Yep, I did see this thread. In a follow up comment after making the abstraction (that I copy-pasted in my original pull request) he says:
In the tests I evaluate approx. 20k regular expressions on ~100k inputs each, it's quite cool that fancy-regex behaves the same as Oniguruma in every case now.
(I'm not sure what those tests actually involved - e.g. perhaps it was only matching and not serialisation, etc.)
But because I don't know how the regex stuff is actually used in tokenizers
, I wasn't aware that it would need to be identical on an unknown ("user-land") set of possible inputs (i.e. every possible input). That does seem to basically rule out that approach.
I wonder whether there could be some sort of config that is saved along with tokenizer data such that the regex engine that was used is specified? But again, I only have an "inference end-user" level of knowledge of this codebase, so I'm probably not making much sense here.
To continue along a hacky approach, just to see what I can learn about wasm compilation, I've made some changes to my regex abstraction branch to make it successfully compile with wasm-pack
. It produces the tokenizers.js
, but I haven't added any wasm_bindgen
attributes yet, so nothing is exported. At the very least this branch might act as a reference for others in the future (even if that particular approach doesn't make sense for this project) in case I don't manage to make much further progress.
This might be a case where it's best to just wait for the wasm build tooling to mature a bit more so, especially as someone like myself who has very little knowledge of both this codebase, and the wasm compilation side of things.
Sorry I didn't reply earlier, I might have missed the notification.
I wonder whether there could be some sort of config that is saved along with tokenizer data such that the regex engine that was used is specified? But again, I only have an "inference end-user" level of knowledge of this codebase, so I'm probably not making much sense here.
This makes perfect sense.
Now you have 2 sets of regexp you need to support on both platforms (rejecting tokenizer.json
files is not a great experience, it can happen on wasm
since it's will always be a "best effort" platform IMO, but it cannot really happen on python/rust/node
land.)
I mean by that that every tokenizer produced by either python
or wasm
should always be usable by python
, but maybe python
produced tokenizers can't be read by wasm
(and wasm
produced files should always be readable on wasm
).
Still definitely doable and a very viable option to not go all the way with the full cross compilation headache.

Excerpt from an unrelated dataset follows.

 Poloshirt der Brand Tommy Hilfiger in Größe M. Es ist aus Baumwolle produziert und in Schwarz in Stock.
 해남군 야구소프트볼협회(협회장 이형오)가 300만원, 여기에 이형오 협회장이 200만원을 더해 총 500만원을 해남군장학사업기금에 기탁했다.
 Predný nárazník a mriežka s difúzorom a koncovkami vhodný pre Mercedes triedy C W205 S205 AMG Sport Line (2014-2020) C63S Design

I don't enjoy the added complexity, but this is the safe road.
In the tests I evaluate approx. 20k regular expressions on ~100k inputs each, it's quite cool that fancy-regex behaves the same as Oniguruma in every case now.

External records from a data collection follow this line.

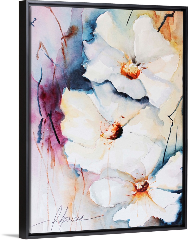 <p>Watercolor painting of white flowers against a colorful background.</p>
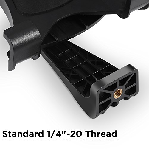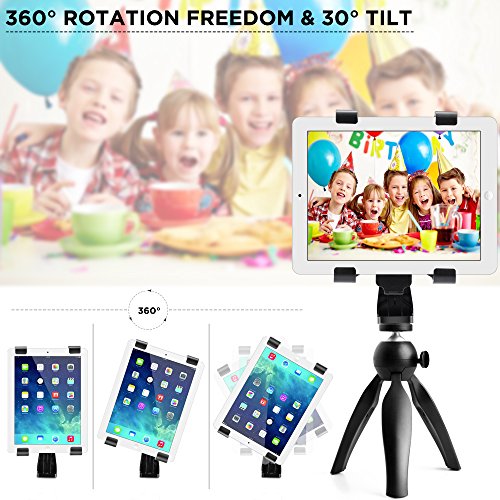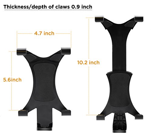 【Dimensions】Mount your tablet to a Tripod, Monopod, Selfie Stick, or any tripod with standard [1/4"-20 thread ]. Length [ 5.6 - 10.2 inch]. Width [4.7 inch]. Thickness/depth of claws [ 0.9 inch ]. Supports iPad mini/ 2/ 3/ 4/ Air/ Air2/, Samsung tab, Nexus,etc. Fits large phones that width is larger than 3 inch.
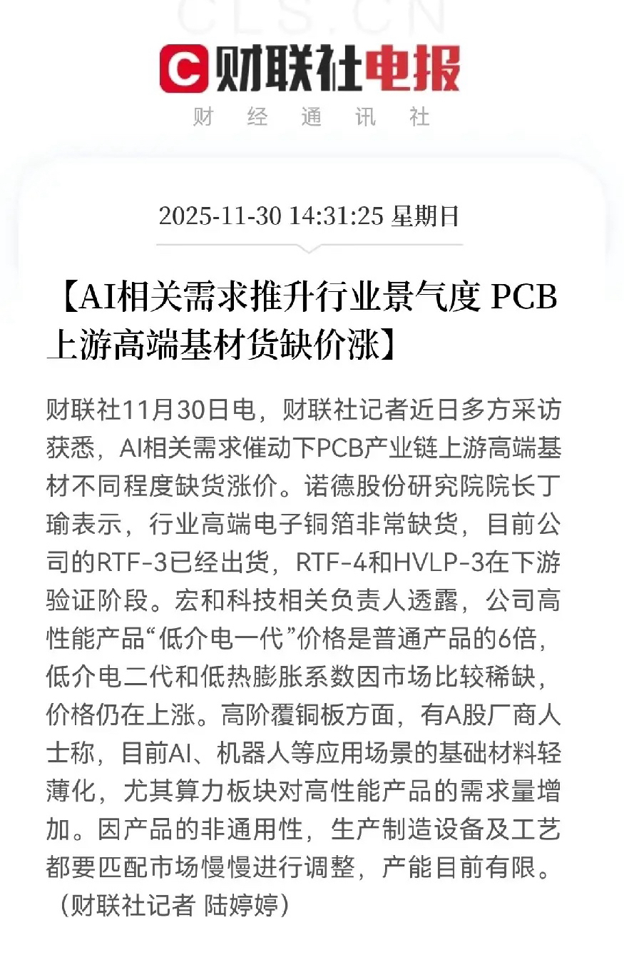 随着AI(含算力、机器人)需求爆发,带动PCB产业链上游高端基材(电子铜箔、高性能覆铜板/电子布等)出现缺货涨价行情。具体表现为:高端电子铜箔供应紧张,如诺德股份的高端铜箔已出货或处于验证阶段;宏和科技的低介电基材价格达普通品6倍且持续上涨;高阶覆铜板因适配AI轻薄化需求,产能因非通用性暂受限,相关企业直接受益于行业景气度提升。
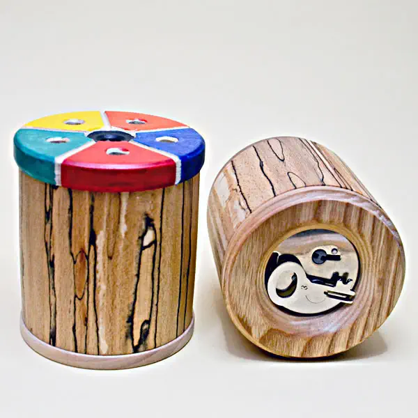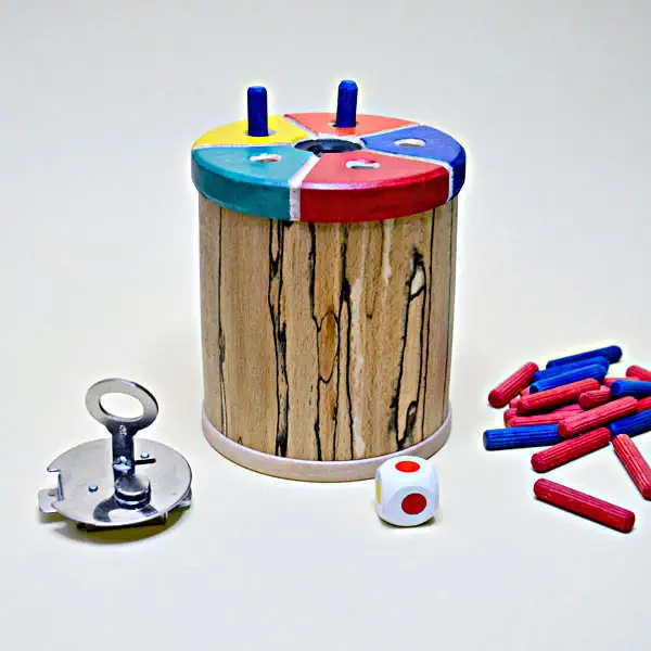 I have to make space in the workshop first! But stop! The roughly pre-turned blanks made of bush-hammered beech, which were actually intended to be used to make money boxes, would make pretty containers for the game! It's just a shame that the money box locks are left behind. But if the game leader could carefully close the can before the game starts, everyone would know: “There is no cheating here!” I like the new feature and I also buy the design version with colored dice, which is particularly suitable for smaller children who are not yet confident can handle numbers enough, a money box lock.

Definitely missed that it's interesting and might lower the barrier for wasm support (still warrants a big red sticker since we're not 100% sure). Calling the feature unstable_wasm
for some time could definitely gives us time to make extremely thorough testing to see if the transition is doable.
I would very much like to confirm that the 100% compliance was intended though (since if it isn't I don't see why it should be).
fancy-regex
uses regex
for the DFA which aims to implement UTS#18 (https://github.com/rust-lang/regex/blob/master/UNICODE.md). I couldn't find such an aim for fancy-regex
.
This is the simpler but unsafe road.
I've made some changes to my regex abstraction
Thank you for this, do you think we could add an example to maybe just load a tokenizer and run inference in the browser to provide that it works ?
This issue is stale because it has been open 30 days with no activity. Remove stale label or comment or this will be closed in 5 days.
I see your Node.js binding using Neon. But have you considered WebAssembly ? There are some tools to compile Rust code easily. So you will get a browser compatiblity and node v13 with a low impact on speed.